Softdome, I gather that you have had less than satifying experiences with ported enclosures. All I can say is, you have had bad enclosures. A ported enclosure is no less "fast" than a sealed enclosure. hertz is hertz right? 40 hertz is 40 cycles a second in ported or sealed. The truth is ported enclosures are generally more efficient and can give a little more low frequency extension. The positive about sealed enclosures while generally less efficient and offering less low frequency extension, are wayyyy more forgiving than ported and usually smaller significantly. The benefit is really the vehicle. If there wasn't cabin gain sealed would be less popular except for enclosure size just due to roll off.


----------



## sqshoestring (Jun 19, 2007)

I've done a pile of trucks that way. Sometimes you can step the box or make the shape off so part of it contacts the seat, that way the sub can't get against it. I've also built the sides and face onto the body, though the cab back can be weak so maybe not a good idea with high power stuff. I did that with 8s in a ranger it worked fine but amp was only 2x50. Some of the seats are hollow and you can press the box right into them, though you have to make it so the sub is not of course. That is what I mean by stepped box where part of it pushes into the seat for more cf and the sub is elsewhere.


----------



## UngaroCD (Jan 11, 2010)

Just throwing my 2 cents in:

I've done several trucks with either a 4 6" sealed or 2 6" ported enclosure. Both sound really good. The ported sounds much better from the front as opposed to the back seat however.


----------



## cheesehead (Mar 20, 2007)

Thanks for all the replies!

I will be using the 12" BM MKIII which only needs .5 cuft of air space(sealed). The box I have figured out is about .43-.45 cuft. Which according to Nick at SI is acceptable. I could go slightly wider but then I wouldn't have sufficient space to mount my amps on the remainder of the back wall.

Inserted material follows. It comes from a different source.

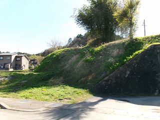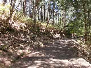 車道がカーブしている地点が砦の基部部分に当たる。本来ならこの部分に堀切を入れるべきところであるが、埋められてしまったのか、現在ではそのような遺構は見られない。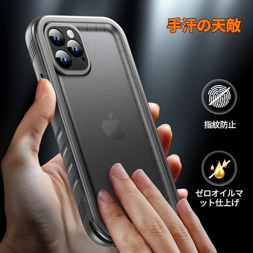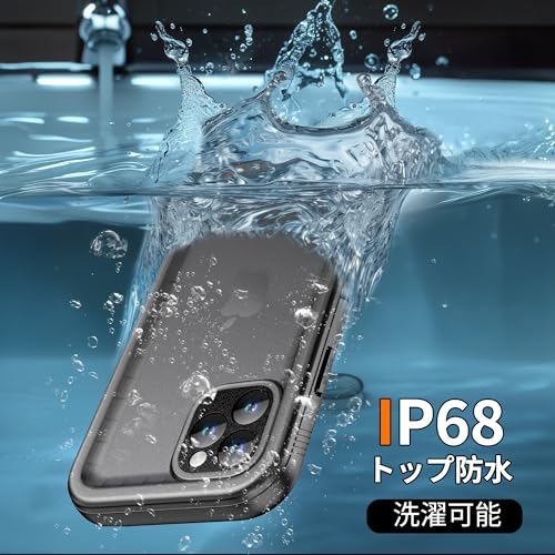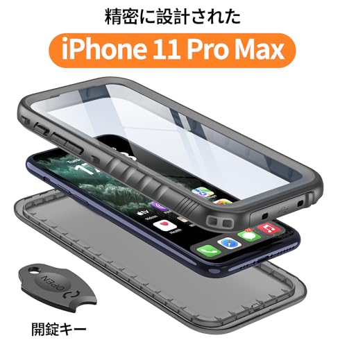 iPhone 11 Pro Max ケース 完全防水 防塵 耐衝撃 360度 全面 両面 軽量 カメラ保護 ストラップ付き 海 お風呂 水中撮影 洗濯可能 iPhone11ProMax ケース 最強 頑丈 人気 QI充電 iPhone11プロマックス 「3眼レフ-6.5インチ-黒」 送料無料

The fabric on the back of the seat does give some. I could possibly build the sides out 1/2"-1" more but then the rear seat would not latch. I'm not sure if this is a major deal or not. As mentioned in a previous post I will be using a grill from Madisound so the cone should never come in contact with the rear seat.


----------



## sqshoestring (Jun 19, 2007)

Inverted mount would be great there, but I can't figure how you would without making the box less volume.


----------



## cheesehead (Mar 20, 2007)

sqshoestring said:


> Inverted mount would be great there, but I can't figure how you would without making the box less volume.


I thought about that also. But like you mentioned I would lose volume not gain it.


----------



## baschwar (May 22, 2007)

kkreit01 said:


> I'm in the same boat: Sport Trac with little room behind or under the seats. I've been firing into the seats, and it sounds fine. The seat backs are cloth. Just make sure to leave about an inch of space -- or however long your excursion is.


I've done the same thing... I mounted two Elemental Design SQ10's in a box built by Sound Off Audio. They sound darn good even if they do slap the seat backs a bit... the box isn't cut at quite the right angle but it was good enough. If I were to do it again, I'd undermount the subs to give them a bit more room for excursion... :blush:


----------